### TASK PROMPT
Pictures stay out of the copy, and everything else in the data below is repeated exactly.

### PROVIDED DATA
%%
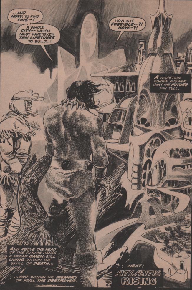 The last regular issue of this series is upon us. Only one more issue to go after this one (Giant Size Special 1), and it does make me a a little sad, as I’ve been enjoying blogging about them immensely. That being said, let us traverse this issue, which has a brilliant cover by Frank Brunner, and the inside cover has a very awesome piece by Pat Broderick!
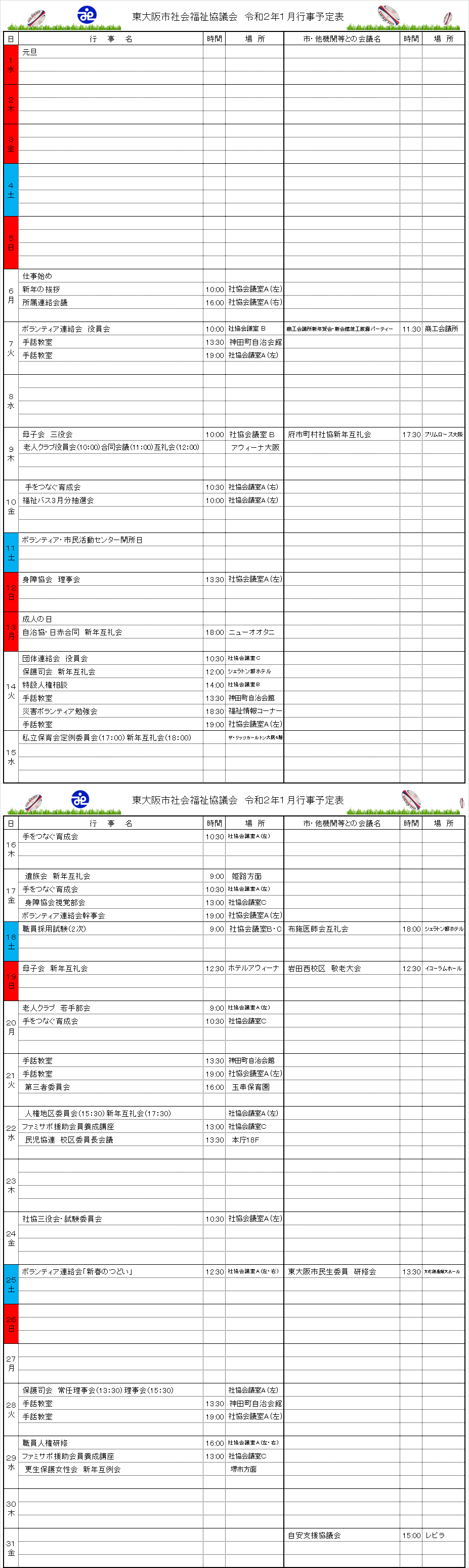 月間行事予定表
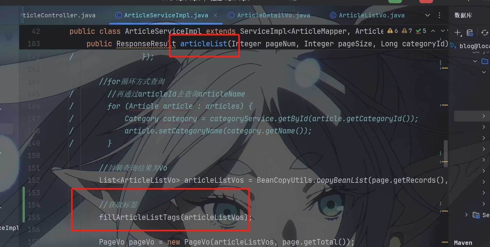 然后在两个方法分别在articleList和getArticleDetail中调用
%%
### PROBLEM SOLUTION
 The last regular issue of this series is upon us. Only one more issue to go after this one (Giant Size Special 1), and it does make me a a little sad, as I’ve been enjoying blogging about them immensely. That being said, let us traverse this issue, which has a brilliant cover by Frank Brunner, and the inside cover has a very awesome piece by Pat Broderick!
 月間行事予定表
 然后在两个方法分别在articleList和getArticleDetail中调用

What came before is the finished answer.